I bought a 40l drum last week for the final version. I need to get together decent fittings for the overflow to the sewer and he outlet to 13mm irrigation pipe. I also want to fabricate a filter like this one: http://cgi.ebay.com.au/RAINWATER-WATER-TANK-INLET-FILTER-MEDIUM-CLEANER-IN_W0QQitemZ140147830917QQihZ004QQcategoryZ29522QQcmdZViewItem but without the price tag... Anyone know where you can buy "A 25 MICRON BAG" material?

S.O.P
26th August 2007, 09:04 PM
In the top right hand corner, there is a number. Click on it and it's the direct link to the post.

As for the bag, good luck. I'm not sure what micron our bag is, but the dripper outlets are quite large compared to the bag. Shouldn't be too hard to knock something up.
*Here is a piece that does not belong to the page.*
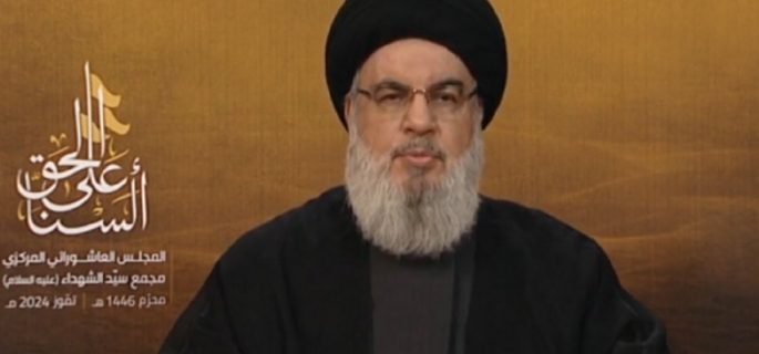 أكَّد الأمين العام لحزب الله أن “المقاومة في لبنان ماضية في ما بدأته في 8 تشرين الأول في طوفان الأقصى حتى تصل إلى الهدف الذي تتطلع إليه في جميع جبهات الإسناد ولا يمكن أن تتراجع”.

25 metres will be easy, especially if it's downhill or slightly downhill. If it's flat, I'd run 19mm. On some jobs, if the difference between the highpoint of the garden and the capsule is small and it needs to travel uphill to get to the highpoint, we use 25mm and drop to 19mm when we get there. 13mm on steep slopes or larger runs.

rhancock
26th August 2007, 09:34 PM
Thanks for the advice on the link, and the bag.

As for the pipe size, I want 4 separate runs from the tank, one about 4 from the tank, two about 10m, and one about 25m from the tank. If I use 19mm for the long run, won't it get more water than the others? I actually want more water on the closer ones, and less on the further one as it only waters 3 lemon trees.

S.O.P
27th August 2007, 07:48 AM
You have to break it up into separate areas for it to work well.

In a way, you are right, if you want somewhere to receive less water, use 13mm. The water will always find the easiest exit point and push more water out there ie. the lowest point, closet to the source, the end of the line etc.

What you are best off doing is looking at the lie of the land and creating a tap manifold in an intuitive spot. I don't know what your garden looks like, but you want to keep the water basically on the same level/contour and not too spread apart. Then you just control every couple days which area gets water. So you only ever use one (or sometimes two) taps at a time.

It's hard to explain and when I get a little more time, I will try if you need it.